My thoughts and feelings are all over the place and I’m focusing my energy on not judging myself too harshly because of it. Over the past few weeks, it’s been hard for me to harness my attention long enough to get anything done, such as writing for this blog. But, alas, here I am. Sitting. Contemplating. Writing.
But, wait. I need another cup of coffee …
[20 minutes later]
…and so it goes.
Well, friends. I’m going to stop fighting it. I’ll be distracted and I’ll share what I can about my distraction, among other things. Maybe some of it will make sense. Maybe something will resonate with you. Or, maybe not. Either way, here I am, grammatical errors and all.

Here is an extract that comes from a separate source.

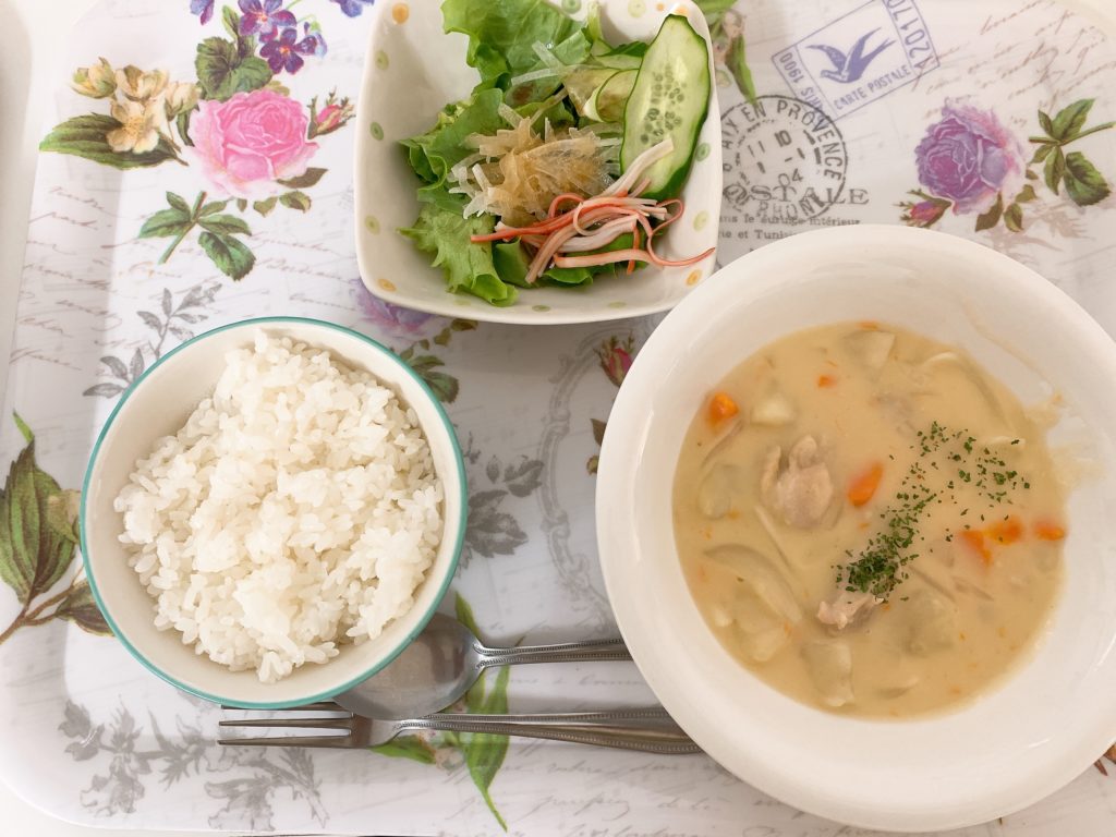 今日の昼食はクリームシチュー、彩りサラダ、白米でした(´っ・ω・)っ

I have my to-do list. It’s right here in my phone. I’ve read it several times today. I’ve even started working on a few tasks. I start then I switch over to the YouTube tab on my laptop and watch a little more Ukraine footage. For a few minutes, I can’t look away. I think, “how awful,” or, “how incredibly sad,” or, “they are so brave,” or, “is it me or is Zelenskyy super attractive?” I feel desperately sad right before I feel outrageously angry and then, quite confusingly, a little turned on. I remember that whole business with DT trying to coerce Zelenskyy into framing Biden and his son (remember that?) and I want to kick and scream, for all the good that would do. Feeling things isn’t the same as DOING things and this is what’s thrown my brain into utter chaos. What can I actually DO????

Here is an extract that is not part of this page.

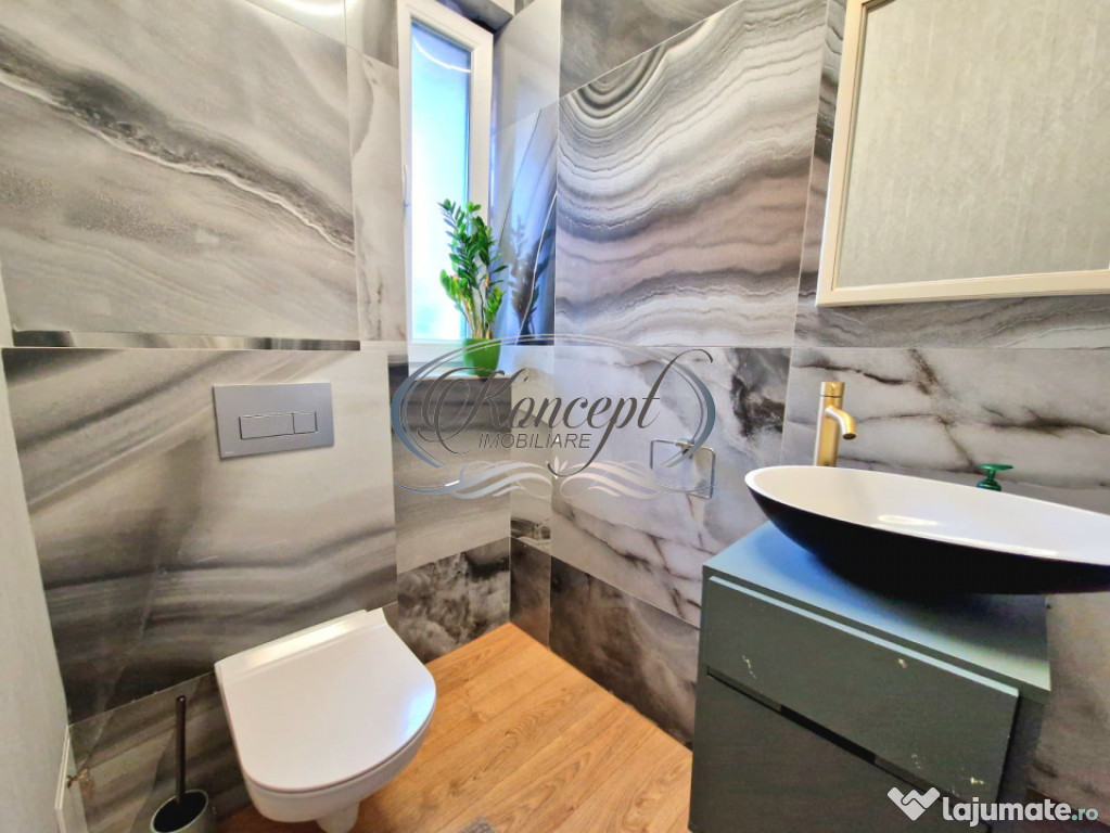 Koncept Imobiliare ofera spre inchiriere o casa individuala situata in cartierul Andrei Muresanu, una dintre cele mai apreciate si exclusiviste zone ale Clujului. Proprietatea este amplasata intr-o zona retrasa si verde, dar cu acces facil catre centrul orasului si principalele artere rutiere, oferind un echilibru ideal intre liniste si conectivitate urbana. Casa este dispusa pe doua niveluri si beneficiaza de o suprafata utila de 150 mp, amplasata pe un teren de 300 mp. Compartimentarea eficienta cuprinde 4 camere, 3 bai, bucatarie, hol, un birou separat, doua balcoane si o terasa generoasa de 100 mp. Spatiul este completat de un garaj si o curte proprie pavata, ideala pentru utilizare zilnica. Finisajele sunt de lux, iar imobilul este complet mobilat, oferind un ambient elegant si functional. Incalzirea se realizeaza prin centrala termica, iar orientarea multipla nord-sud asigura luminozitate si confort pe tot parcursul zilei. Proprietatea este pet friendly, o optiune rara si cautata in zona Andrei Muresanu. Casa este recomandata pentru o familie care doreste un camin stabil si bine localizat. Nu permite recompartimentari, dar actuala dispunere ofera un grad ridicat de flexibilitate in utilizare. Pentru informatii complete, programarea unei vizionari sau pentru a afla oferta noastra completa va stam la dispozitie telefonic, prin e-mail sau la sediul agentiei noastre, pe str. Aviator Badescu, nr. 19, Cluj-Napoca.Id intern: P20941

This sense of helplessness, of smallness and insignificance – it’s not unfamiliar. I felt it right before I went vegan (and regularly since then) when I thought, what can I (little, old me) do about the billions of animals that are unceremoniously tortured and killed for no good reason? The only thing I could think of was to at least take some personal responsibility – at least I can do that. I can refrain from participating in torture and death. It’s something, isn’t it? It’s something … but, it’s definitely not enough. Not doing shitty things is not actually doing good. It doesn’t exactly make me a hero. It was just a place to begin.

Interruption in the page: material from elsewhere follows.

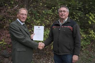 Bei seiner Verabschiedung im Kreise aktiver und ehemaliger Mitarbeiterinnen und Mitarbeiter des Forstamtes Daun dankte Forstamtsleiter Horst Womelsdorf Herrn Herzog für seinen beispielhaften Einsatz und würdigte u. a. sein waldbauliches und naturschutzfachliches Engagement im Revier, seine soziale Kompetenz, sein profundes Fachwissen und nicht zuletzt die vertrauensvolle Zusammenarbeit, die er mit dem Forstamt und mit „seinen Kommunen“ pflegte. Ein besonderes Dankeschön richtete der Forstamtsleiter an die Ehefrau Carola, die ihrem Mann bei seiner Arbeit stets den Rücken gestärkt und ihn ermutigt hat, wenn der Dienst auch einmal Ärger oder Enttäuschungen brachte. Horst Womelsdorf überreichte Gerhard Herzog die Dankurkunde des Leiters der Zentralstelle der Forstverwaltung für seine in langjähriger treuer Pflichterfüllung geleisteten Dienste und verband damit die besten Wünsche für den neuen Lebensabschnitt.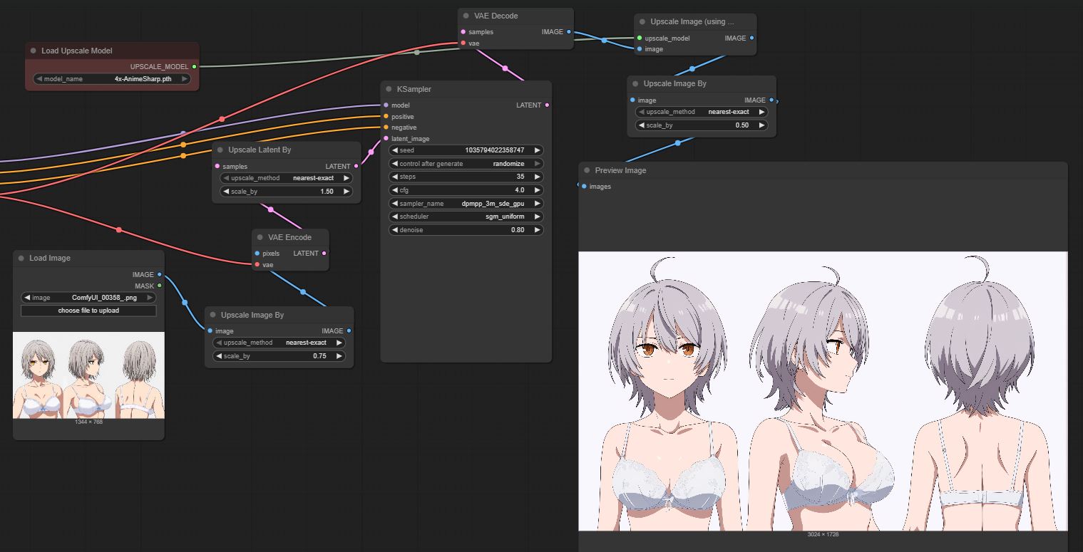 >>1402737 >Зачем ты латент апскейлишь Я это делаю потому что не могу использовать face detailer. Мне надо turnaround картинку получить, а детайлер тупо разные лица рисовать будет спереди и сбоку. Ну а заниматься импеинтом мелких деталей не люблю, вот поэтому решил с латент апскейлом помучиться.

Can anyone out there relate to this? Are you feeling a little distracted or extra sensitive, maybe since Russia invaded Ukraine? Do world events, largely outside of your control, tend to throw you off balance? I’d like to share a resource that is helping me address my current experience. Cup of Empathy is one of my favorite Nonviolent Communication resources. Marianne is a gentle soul and an excellent teacher. Check out her website and YouTube Channel for more information. Here’s a message I received from Cup of Empathy a few days ago:
A few reasons why it can be hard to deal with world news:
There is something abstract about it, because for the majority of us it is far away, and yet at the same time, we get live footage that is violent and very real. This might trigger a response of fear, and for some who might immediately repress this, a certain numbness.
The term ‘war’ is associated by the brain with high stakes and high unpredictability. This triggers the brain to explore all sorts of worst-case scenarios. This is not necessarily bad, but it can be exhausting when it starts to go in a loop.
There may be feelings of guilt around being relieved not to live where the violence is. And feelings of guilt for Russians towards those in Ukraine.
I’ve noticed both myself and many others to be affected by this.
A few steps you can take:
Put your hand wherever you notice the feelings the most and then take a moment breathing in and out a few times.
1) Check your feelings, do you feel:
- tense? where in your body?
- sad? where in your body?
- powerless? where in your body?
- angry? where in your body?
2) What is your abstract NVC need? Maybe it’s:
- to be heard
- or maybe something else?
For those of you familiar with my work, you’ll no doubt notice some similarities between what Marianne says and what I’ve said. Nonviolent Communication (NVC) is a foundational part of Conversations with a Friendly Vegan. Mindfulness is naturally interwoven in NVC.